Their Lordships find no substance in either of these arguments. They agree with Isaacs J that article 77 of the Constitution permits the Governor-General to delegate his executive authority to a Minister of the Government. Article 77 provides:

"The Governor-General, acting in accordance with the advice of the Prime Minister, may, by directions in writing, charge the Prime Minister or any other Minister with responsibility for any business of the Government of The Bahamas, including the administration of any department of Government:

Provided that a Minister appointed from among members of the House of Assembly shall be charged with responsibility for finance."

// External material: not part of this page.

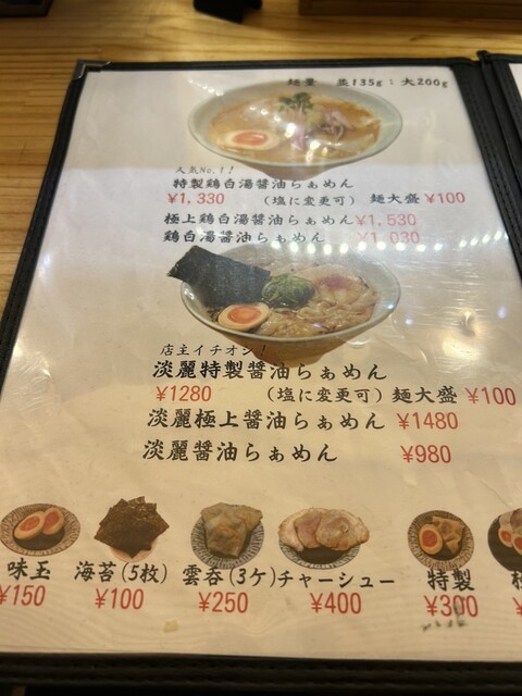 滅多に行かないエリアですが、乗り換えで鶴橋に来たので課題店のしゅきへ訪問。遅めのランチで14時前だったので待たずに入店できました。人気No1の鶏白湯醤油か悩みましたが、キミに決めた!

Article 79(1) provides that, in the exercise of his functions, the Governor-General acts in accordance with the advice of the Cabinet or a Minister acting under the general authority of the Cabinet.

11

Mr Glinton did not suggest that these provisions did anything other than confer the widest powers on the Governor-General to enable the business of the government of The Bahamas to be carried on efficiently by the executive. By instrument dated 19 January 1989 the Governor-General vested responsibility for extradition and treaty succession in the Minister of Foreign Affairs. Delegation in general terms to the Minister made it unnecessary for the Governor-General to describe in detail each and every act that the Minister might do within this area of responsibility. It follows that the then Minister of Foreign Affairs was vested with the necessary authority to conclude the Treaty with the United States of America on behalf of The Bahamas on the date when the Treaty was entered into. It was ratified by the United States of America on 18 May 1992. The Court of Appeal was not told whether any steps were taken to ratify it by the Government of The Bahamas before the relevant Orders were laid before Parliament. But the presumption is for regularity of matters of this kind. As they have not been provided with any evidence to the contrary, their Lordships proceed upon the basis that the Treaty was duly...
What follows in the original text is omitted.